Aydınlık bir gecede R.SAV.in camisi, Mescid-i Nebevi, Ravza’yı mutahhara denilen yeşil kubbe görünüyor. O zaman hacılarda heyecan dorukta olur, kalp atışları hızlanır, ağlayan, inleyenler olur. Nabi de aynı duygularla yeşil kubbeyi görüyor. Fakat yanındaki paşa ayaklarını uzatmış, yatıyor. Yorgun ve uykusuz. Ravza’ya yaklaştıklarını gören Nabi, paşayı saygı ve edebinden uyaramıyor. Fakat bir şiirle uyandırmak ve ikaz etmek istiyor. Heyecanla dil dökülüyor ve şöyle diyor:

“Sakın terki edepten küyi mahbübi hüdadır bu, Nazargah-ı ilahidir. Makamı Mustafadır bu” cümleleri ile başlayan bir şiirle paşayı uyandırıyor. Yani manası şudur: “Paşa hazretleri; uyan, edep dışı hareketlerden sakın, çünkü Allah’ın sevgilisinin makamına geldik. Yüce Allah’ın nurunun tecelli ettiği Hz. Muhammed SAV.in Ali makamıdır burası. Uyan, uyan. Menzile geldik. Makama yaklaştık.”

Paşa bu sese uyanıyor. Nedir bu ses, bir hal mi var Nabi efendi, diyor. Nabi; Evet, evet paşam. Makamı ulyaya yaklaştık. Yeşil kubbe görünüyor. Bindenbire içimden bu mısralar döküldü diyor.

Başka şairler ne diyor:

Yeşil kubbe görünüyor, gönül aşktan çıldırıyor, bastığım yerler yanıyor Medine’nin yollarında.

-Yollarında yollarında güller açmış ravzasında.

-Medine bakar Mekke’ye gönül onun sevdasında, hu, diyor.

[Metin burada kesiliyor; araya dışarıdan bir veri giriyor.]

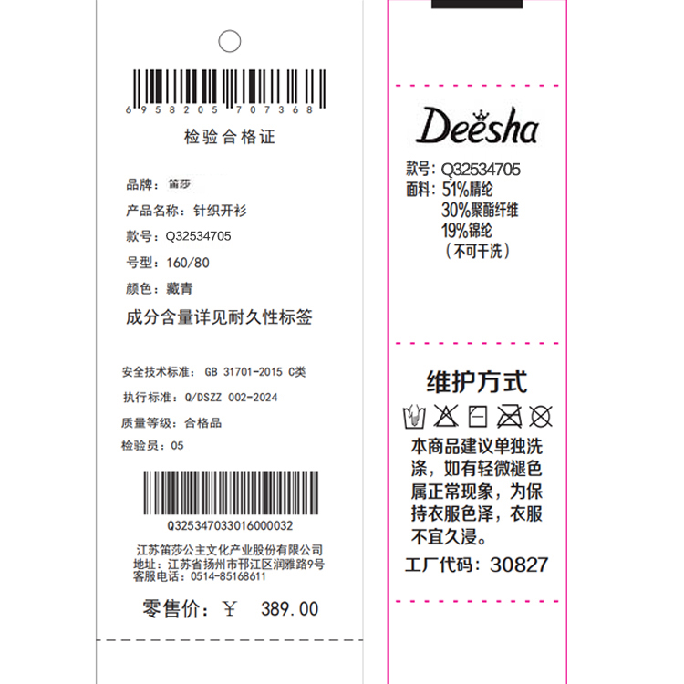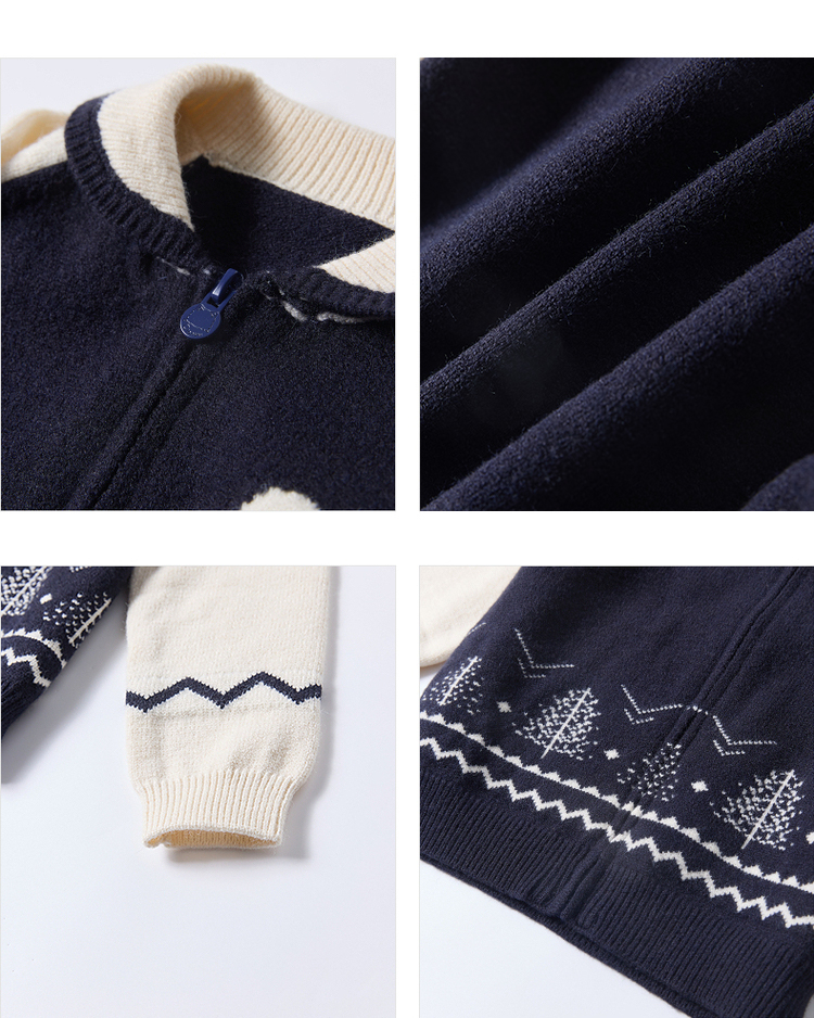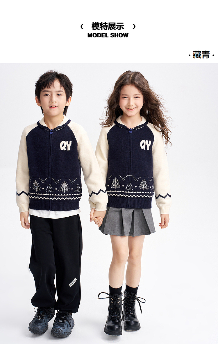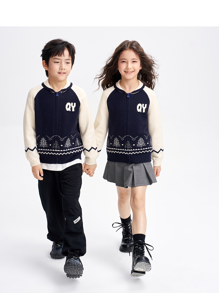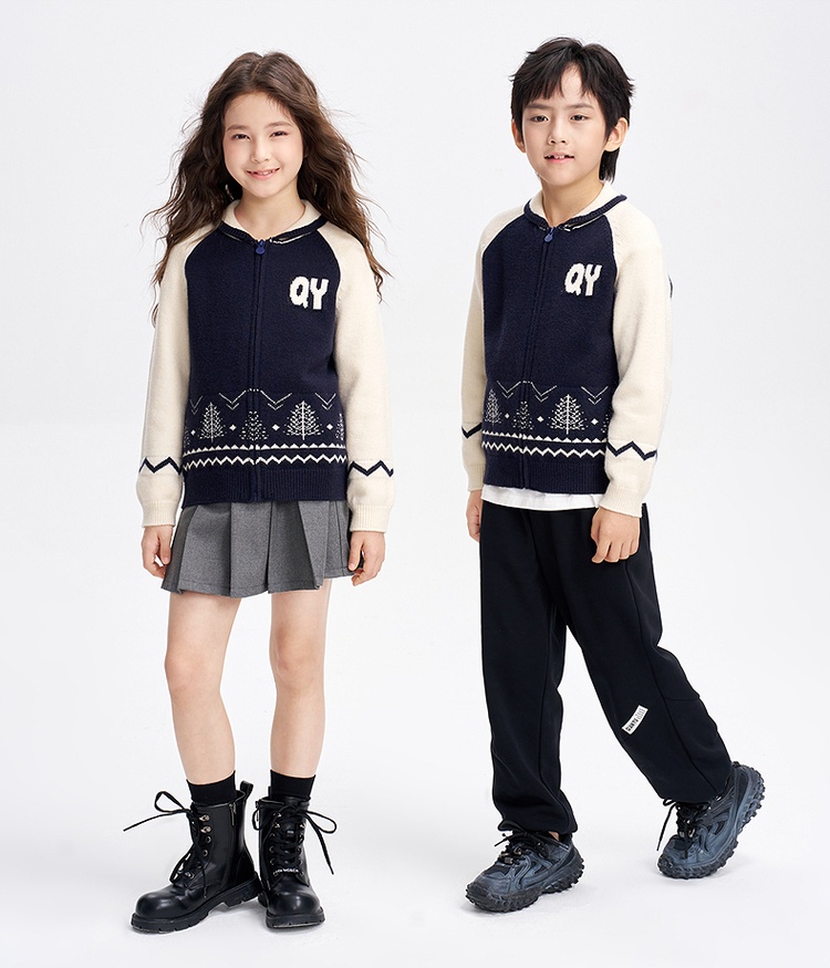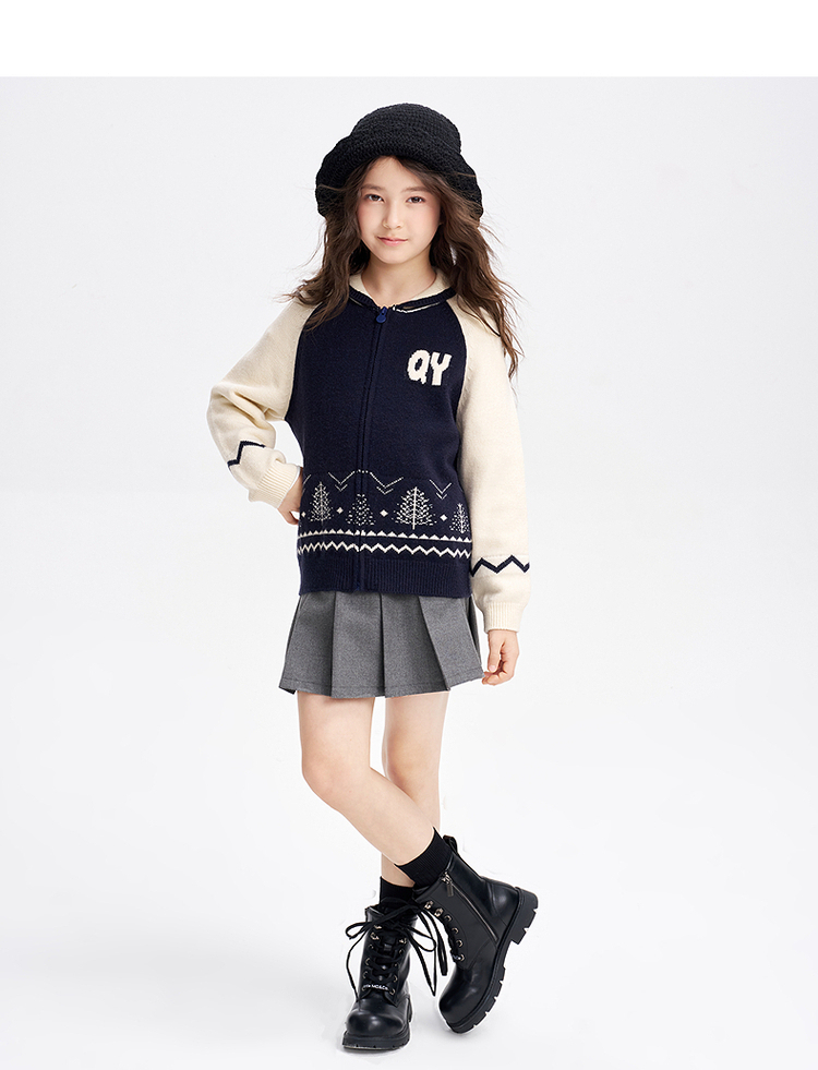 笛莎Deesha 2025秋季新款男女童学院风翻领针织开衫

Çünkü şair Nabi, hakiki bir peygamber aşığıdır. Aşık maşukuna kavuşuyor. Yoksa herkes bu ravzayı görünce aynı heyecanı ve aşkı bulamaz. Nabi, paşaya, aman efendim, deveden inelim, abdestimizi tazeleyelim. Ve öyle yapmışlar. Mescide iyice yaklaşmışlar.